- _WORK ORDER_
Print the listing below only from the line that has "A Administração Municipal" through the line that has "Коробка НГ 900г", exactly, and drop any picture.

- - - - -

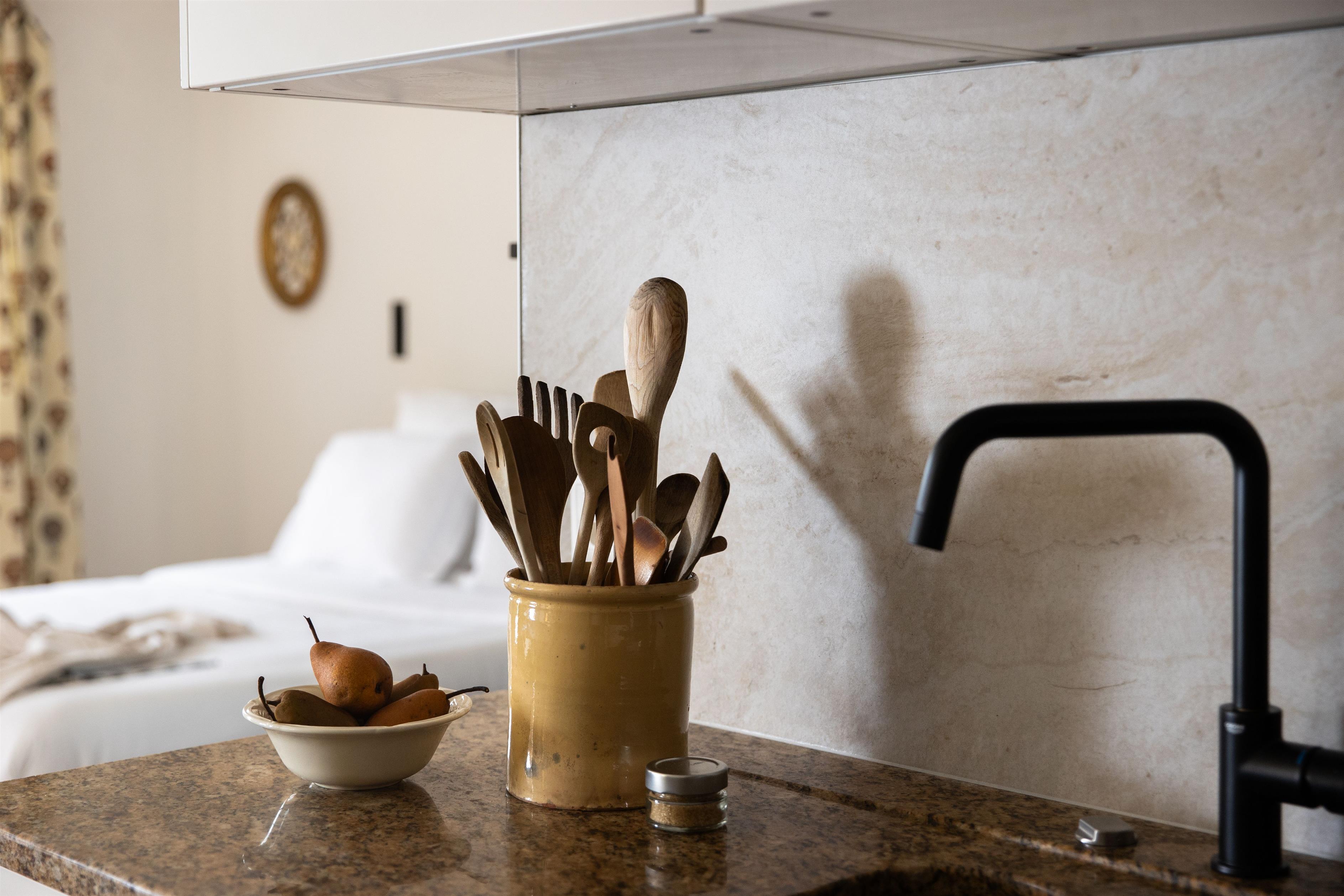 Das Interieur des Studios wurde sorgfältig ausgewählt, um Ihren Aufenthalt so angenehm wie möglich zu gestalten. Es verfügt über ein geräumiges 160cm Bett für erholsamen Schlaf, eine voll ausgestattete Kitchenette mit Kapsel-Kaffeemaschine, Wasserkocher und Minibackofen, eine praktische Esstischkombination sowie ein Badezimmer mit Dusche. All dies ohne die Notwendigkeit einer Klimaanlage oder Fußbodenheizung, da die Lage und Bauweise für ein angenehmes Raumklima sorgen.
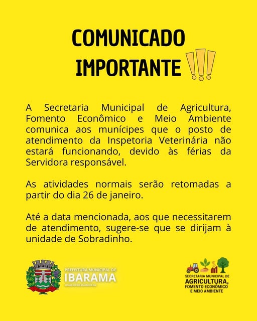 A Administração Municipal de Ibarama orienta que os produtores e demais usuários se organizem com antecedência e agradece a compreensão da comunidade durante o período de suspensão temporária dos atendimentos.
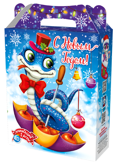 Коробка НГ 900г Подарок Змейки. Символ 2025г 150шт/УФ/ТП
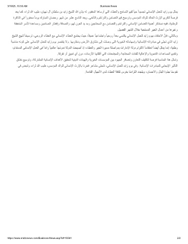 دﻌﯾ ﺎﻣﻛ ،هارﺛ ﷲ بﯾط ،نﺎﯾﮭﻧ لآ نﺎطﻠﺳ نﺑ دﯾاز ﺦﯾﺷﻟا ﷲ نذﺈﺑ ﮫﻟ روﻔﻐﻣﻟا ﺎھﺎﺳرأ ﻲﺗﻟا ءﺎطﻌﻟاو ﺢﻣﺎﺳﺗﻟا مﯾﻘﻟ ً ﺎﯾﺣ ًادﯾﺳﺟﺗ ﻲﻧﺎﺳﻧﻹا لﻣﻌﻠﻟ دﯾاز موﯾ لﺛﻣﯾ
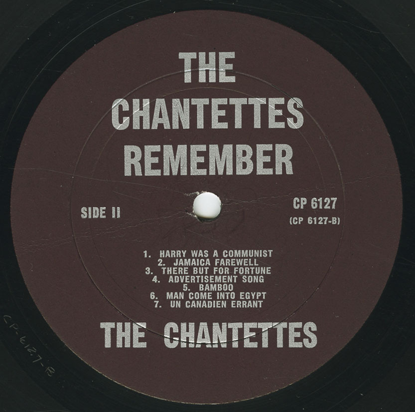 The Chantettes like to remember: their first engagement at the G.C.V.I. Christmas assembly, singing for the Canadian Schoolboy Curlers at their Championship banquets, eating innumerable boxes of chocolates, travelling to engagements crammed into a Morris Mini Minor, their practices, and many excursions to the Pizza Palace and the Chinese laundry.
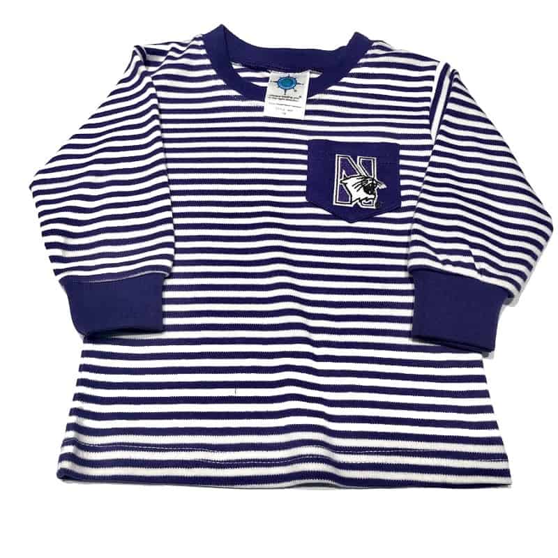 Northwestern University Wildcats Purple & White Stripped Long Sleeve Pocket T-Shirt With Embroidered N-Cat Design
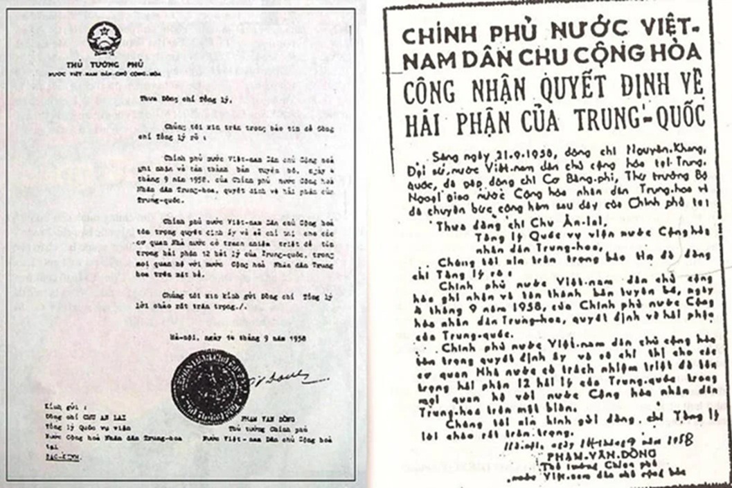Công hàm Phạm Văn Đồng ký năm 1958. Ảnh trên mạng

- - - - -

- _RESULT OF THIS TASK_
 A Administração Municipal de Ibarama orienta que os produtores e demais usuários se organizem com antecedência e agradece a compreensão da comunidade durante o período de suspensão temporária dos atendimentos.
 Коробка НГ 900г Подарок Змейки. Символ 2025г 150шт/УФ/ТП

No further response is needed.